Basic Cell Clustering Using mCG-5Kb Bins¶

Content¶

Here we go through the basic steps to perform cell clustering using genome non-overlapping 5Kb bins as features. We start from hypo-methylation probability data stored in MCDS (quantified by the hypo- or hyper-methylation score option, see allcools generate-dataset). This notebook can be used to quickly evaluate cell-type composition in a single-cell methylome dataset (e.g., the dataset from a single experiment). Comparing with the 100Kb bins clustering process, this clustering process is more suitable for samples with low mCH fraction (many non-brain tissues) and narrow methylation diversity (so smaller feature works better).

Dataset used in this notebook¶

Adult (age P56) male mouse brain pituitary (PIT) snmC-seq2 data from [Ruf-Zamojski et al., 2021].

Input¶

MCDS with chrom5k hypo-score matrix
Cell metadata

Output¶

Cell-by-5kb-bin AnnData (sparse matrix) with embedding coordinates and cluster labels.

Import¶

import numpy as np
import pandas as pd
import matplotlib.pyplot as plt
import scanpy as sc
from ALLCools.mcds import MCDS
from ALLCools.clustering import tsne, significant_pc_test, filter_regions, lsi, binarize_matrix
from ALLCools.plot import *

Parameters¶

metadata_path = '../../data/PIT/PIT.CellMetadata.csv.gz'
mcds_path = '../../data/PIT/RufZamojski2021NC.mcds'

# Basic filtering parameters
mapping_rate_cutoff = 0.5
mapping_rate_col_name = 'MappingRate'  # Name may change
final_reads_cutoff = 500000
final_reads_col_name = 'FinalmCReads'  # Name may change
mccc_cutoff = 0.03
mccc_col_name = 'mCCCFrac'  # Name may change
mch_cutoff = 0.2
mch_col_name = 'mCHFrac'  # Name may change
mcg_cutoff = 0.5
mcg_col_name = 'mCGFrac'  # Name may change

# PC cutoff
pc_cutoff = 0.1

# KNN
knn = -1  # -1 means auto determine

# Leiden
resolution = 1

Load Cell Metadata¶

metadata = pd.read_csv(metadata_path, index_col=0)
print(f'Metadata of {metadata.shape[0]} cells')
metadata.head()

Metadata of 2756 cells

	CellInputReadPairs	MappingRate	FinalmCReads	mCCCFrac	mCGFrac	mCHFrac	Plate	Col384	Row384	CellTypeAnno
index
PIT_P1-PIT_P2-A1-AD001	1858622.0	0.685139	1612023.0	0.003644	0.679811	0.005782	PIT_P1	0	0	Outlier
PIT_P1-PIT_P2-A1-AD004	1599190.0	0.686342	1367004.0	0.004046	0.746012	0.008154	PIT_P1	1	0	Gonadotropes
PIT_P1-PIT_P2-A1-AD006	1932242.0	0.669654	1580990.0	0.003958	0.683584	0.005689	PIT_P1	1	1	Somatotropes
PIT_P1-PIT_P2-A1-AD007	1588505.0	0.664612	1292770.0	0.003622	0.735217	0.005460	PIT_P2	0	0	Rbpms+
PIT_P1-PIT_P2-A1-AD010	1738409.0	0.703835	1539676.0	0.003769	0.744640	0.006679	PIT_P2	1	0	Rbpms+

Filter Cells¶

judge = (metadata[mapping_rate_col_name] > mapping_rate_cutoff) & \
        (metadata[final_reads_col_name] > final_reads_cutoff) & \
        (metadata[mccc_col_name] < mccc_cutoff) & \
        (metadata[mch_col_name] < mch_cutoff) & \
        (metadata[mcg_col_name] > mcg_cutoff)

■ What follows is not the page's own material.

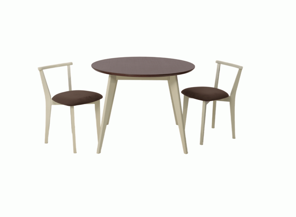 Комплект из деревянного стола Сканди на каркасе из натурального дерева и 2 стула Франк отлично подойдет к интерьеру, выдержанному в скандинавском стиле. Данный комплект станет центральным элементом в гостиной, столовой зоне, на кухне, позволив создать уютное обеденное место, где смогут собираться члены дружной семьи и их гости.У модели круглая форма столешницы. Такое решение исключит риск сколов и обеспечит безопасность, в том числе, детям.Комплект выполнен в красивой комбинации цветов - орех, слоновая кость. Сочетание изысканного дизайна и высокого качества исполнения - главная особенность комплекта.Столешница выполнена из материалов с великолепными эксплуатационными свойствами - МДФ (Материал создается на основе натуральной древесины. Практичен, надежен, имеет однородную гладкую структуру), шпон.Мебель проста в уходе - для поддержания первозданного вида достаточно использовать простую чуть влажную салфетку по мере необходимости.Состав комплекта:- стол F004103SUW- стулья R101709S04

metadata = metadata[judge].copy()
# cell metadata for this example is filtered already
print(f'{metadata.shape[0]} cells passed filtering')

2756 cells passed filtering

Load hypo-methylation score matrix from MCDS¶

mcds = MCDS.open(mcds_path, var_dim='chrom5k')

mcds.add_cell_metadata(metadata)

mcds = mcds.remove_black_list_region(black_list_path='../../data/genome/mm10-blacklist.v2.bed.gz')

49908 chrom5k features removed due to overlapping (bedtools intersect -f 0.2) with black list regions.

mcad = mcds.get_score_adata(mc_type='CGN', quant_type='hypo-score')

mcad

AnnData object with n_obs × n_vars = 2756 × 495206
    obs: 'CellInputReadPairs', 'MappingRate', 'FinalmCReads', 'mCCCFrac', 'mCGFrac', 'mCHFrac', 'Plate', 'Col384', 'Row384', 'CellTypeAnno'
    var: 'chrom', 'end', 'start'

Binarize¶

binarize_matrix(mcad, cutoff=0.95)

Filter Features¶

filter_regions(mcad)

Filter out 206777 regions with # of non-zero cells <= 13

array([False, False, False, ...,  True,  True,  True])

mcad

AnnData object with n_obs × n_vars = 2756 × 288429
    obs: 'CellInputReadPairs', 'MappingRate', 'FinalmCReads', 'mCCCFrac', 'mCGFrac', 'mCHFrac', 'Plate', 'Col384', 'Row384', 'CellTypeAnno'
    var: 'chrom', 'end', 'start'

TF-IDF Transform and Dimension Reduction¶

# by default we save the results in adata.obsm['X_pca'] which is the scanpy defaults in many following functions
# But this matrix is not calculated by PCA
lsi(mcad, algorithm='arpack', obsm='X_pca')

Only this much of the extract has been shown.